## Information provided

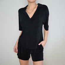 Toller lässig fallende Ani Freizeit Zweiteiler für Frauen, aus softer Viskose / Polyester Gewebe und Volltonfarbe. Das Set besteht aus einer Bluse mit V Ausschnitt und kurzen Armen und einer Shorts mit Gummiband, Bindegürtel und Seitentaschen. Es ist sehr angenehme auf der Haut, Ideal für die warmen Tage und für den Urlaub.
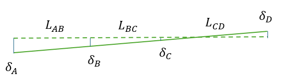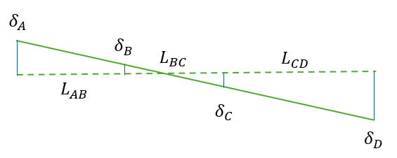 The dashed line is the original horizontal position (datum) of beam ABCD. Make sure that the bar elongations match the stress states: for a elongation above the datum, the bar will be in tension, and visa versa.
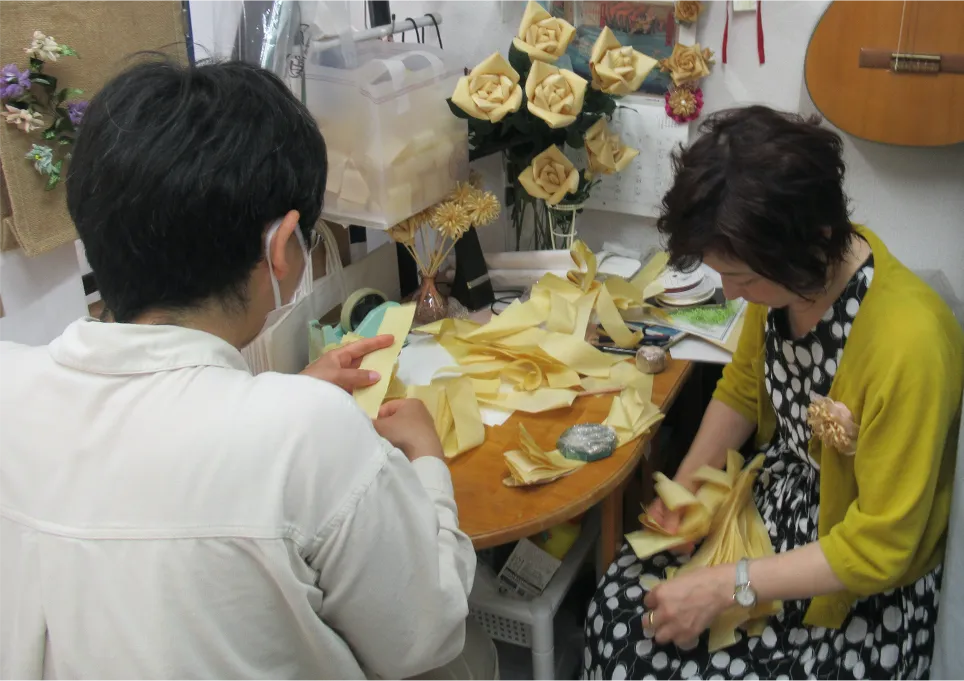 この取り組みでは、RESPECの利用者を対象に月に一度、Lino Linoが運営する「かんなフラワーアート」専門店「Salon de Lino Lino」での体験支援を行っています。このワークショップでは、参加者がフラワーアートに触れ、簡易作業として部材のカットなどを通じて実際の店舗での作業環境を体験します。

## About this exercise
Wherever an image sits in the data, omit it; everything else must be copied exactly.

## Task answer
 Toller lässig fallende Ani Freizeit Zweiteiler für Frauen, aus softer Viskose / Polyester Gewebe und Volltonfarbe. Das Set besteht aus einer Bluse mit V Ausschnitt und kurzen Armen und einer Shorts mit Gummiband, Bindegürtel und Seitentaschen. Es ist sehr angenehme auf der Haut, Ideal für die warmen Tage und für den Urlaub.
 The dashed line is the original horizontal position (datum) of beam ABCD. Make sure that the bar elongations match the stress states: for a elongation above the datum, the bar will be in tension, and visa versa.
 この取り組みでは、RESPECの利用者を対象に月に一度、Lino Linoが運営する「かんなフラワーアート」専門店「Salon de Lino Lino」での体験支援を行っています。このワークショップでは、参加者がフラワーアートに触れ、簡易作業として部材のカットなどを通じて実際の店舗での作業環境を体験します。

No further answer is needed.